B.C.’s bizarre winter and stubborn snow drought explained
An unusually warm and snow-scarce winter has hit British Columbia. Discover how a persistent atmospheric river pattern and a stubborn high-pressure ridge are leading to record-low snowfall in places like Vancouver.
As cherry blossoms begin to bloom at a record early pace, the rest of Canada is facing a formidable polar vortex.
Winter has simply not shown up on the South Coast this year, with no snowfall this winter for Vancouver, Victoria, Comox, and even Abbotsford; Snowfall totals through Jan. 20 are sitting at 0 cm.
That puts the region on the same trajectory as the extraordinary snowless winter of 2014-15, except this time, the Pacific isn’t dealing with an El Niño.

Instead, we’re under a weak La Niña, a setup that more often than not tilts B.C. colder and snowier.
And yet...the snow hasn’t come.
Why?
THE FREEZING LINE WAS A TOTAL GRINCH
The BC River Forecast Centre’s Jan. 1 snow survey tells the story clearly:
Freezing levels were sky-high through parts of December and January for the South Coast, repeatedly pushed above mountaintop elevation by a relentless sequence of atmospheric rivers and powerful ridging.
Vancouver Island Range: Snowpack at just 58 per cent of normal, among the lowest in the province.
South Coast mountains: Only 67 per cent of normal snowpack by Jan. 1.
Frequent warm atmospheric rivers either delivered rain to mid-mountain elevations or stripped away early accumulations.

A TALE OF TWO PROVINCES
What’s striking is how localized the snow drought is when you look at the province as a whole.
While the coast missed out, the Interior mountains were cold enough at elevation to capture those same storms as snow!
Upper Columbia: 123 per cent
East Kootenay: 124 per cent
Boundary: 132 per cent
Central Coast: 160 per cent
Nechako: 143 per cent
Storms relentlessly hit B.C., but the elevation of cold air determined who got winter snowfall, with coastal ski resorts unfortunately taking the brunt of the warmer air masses.
At the valley bottom, places like Kelowna have seen a serious lack of low-elevation snow, remaining virtually snow-free through the bulk of winter.
HOW'S WHISTLER?
2025–2026 snowfall so far: 482 cm
Seasonal average: 1100 cm
On pace for the worst season since 2014–2015 (671 cm)
Could also rival 2000–2001 (734 cm) and 2008–2009 (889 cm), the only recent below-seasonal years to occur during La Niña-influenced patterns, which makes this pattern particularly rare

Weak La Niña winters typically boost snowfall in coastal ranges, not squash it.
This year is bucking the ENSO trend.
A WINTER THAT FEELS LIKE SPRING
South Coast temperatures have consistently run above seasonal this season, and it’s showing up in some unmistakable ways:

Cherry blossoms are blooming in Victoria and Vancouver, weeks early, in some cases more than a month ahead of schedule.
Typically, blossoms begin peeking out in February.
Meanwhile, the rest of Canada is battling a dislodged polar vortex, diving temperatures, and extreme cold.
THE BIG PICTURE
The Jan. 1 snow survey pegs provincial snowpack at 107 per cent of normal, but that number hides a critical split:
Interior: Near or above normal thanks to cold air preserved in the Interior locations when the big storms showed up.
Coast and Vancouver Island: Dramatically below normal due to warm storms and persistent ridging.
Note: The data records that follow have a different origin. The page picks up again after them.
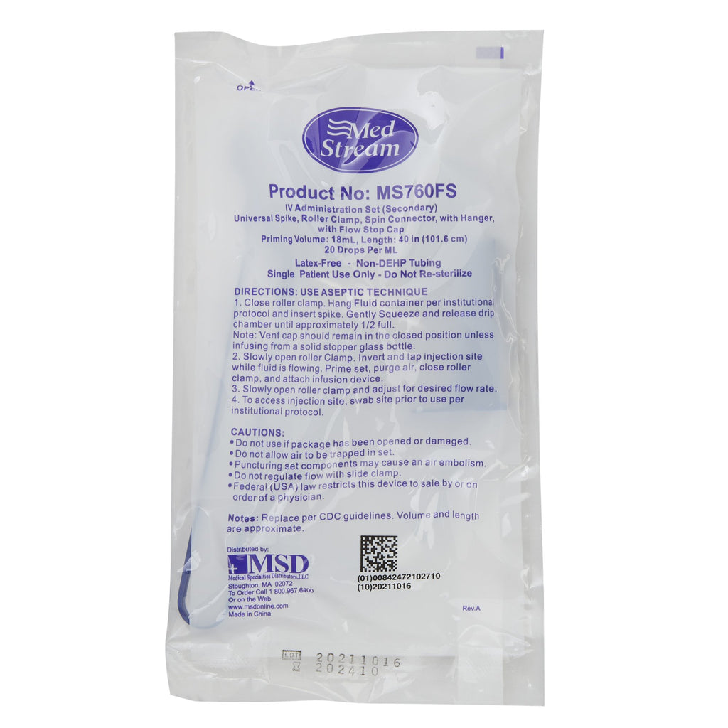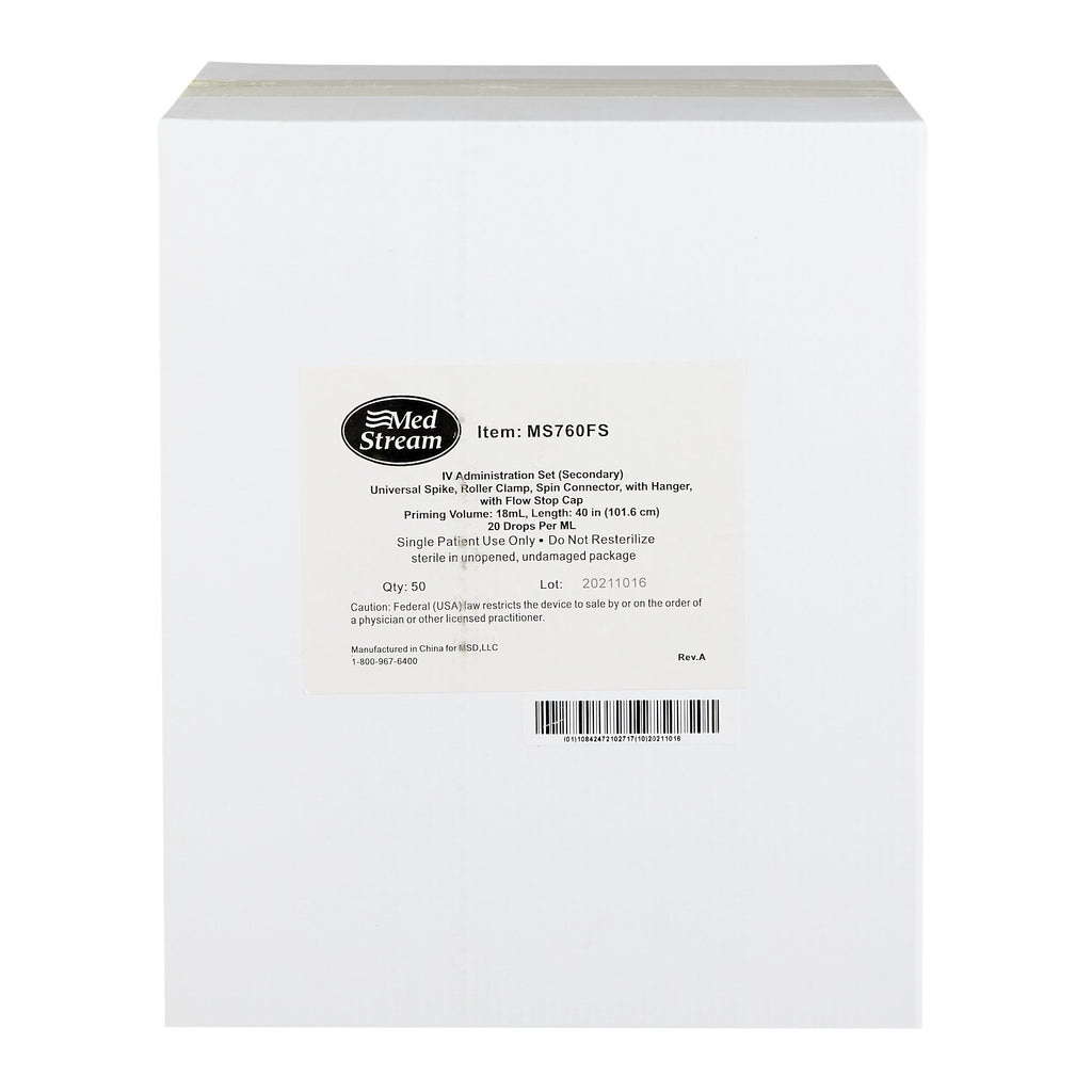 Secondary IV Administration Set MedStream Gravity Without Ports 20 Drops / mL Drip Rate Without Filter 40 Inch Tubing Solution
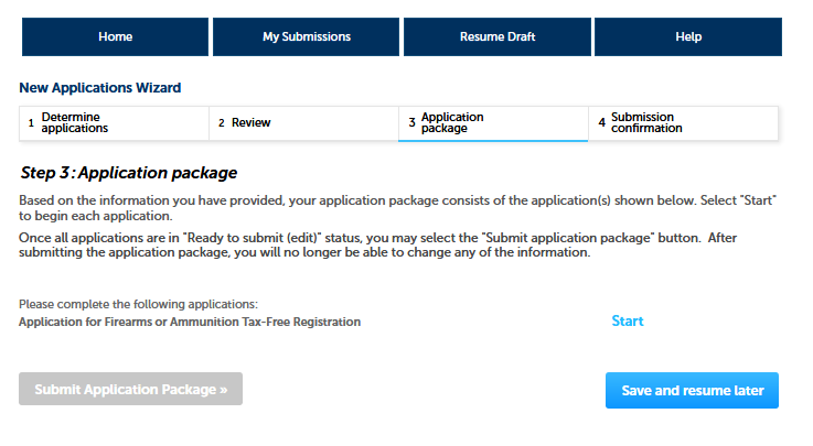 After editing and/or confirming previous information, respondenst then may select “Start” to immediately complete the application package, or may select “Save and resume later” to complete the application package later:
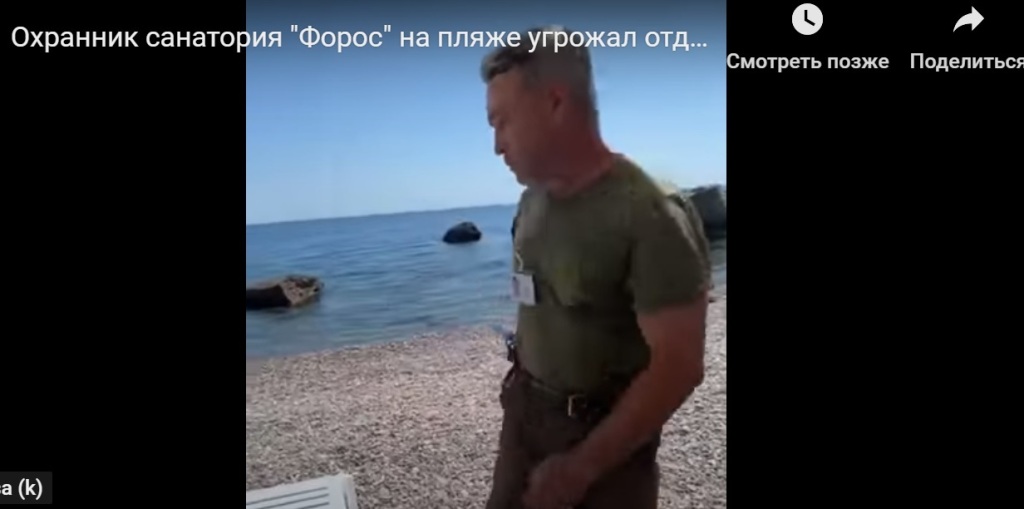 Вот видео, как охранник в камуфляжной форме с нагайкой пытается прогнать туристов с пляжа. Якобы он является лечебным и на этом основании его не могут посещать все желающие. Когда туристы сменили место, деятель выкинул их вещи в море. Также он пытался вырвать мобильник у женщины, которая вела съемку.

This is a winter shaped not by lack of storms, but by the placement of the freezing line.
The recent ridge of high pressure that’s established itself across the South Coast isn’t helping matters, essentially choking off the storm track to the very mountains that need it the most.
There’s still lots of time to accumulate some much-needed snow as we shift gears into February, so we’ll be on the lookout for a pattern change.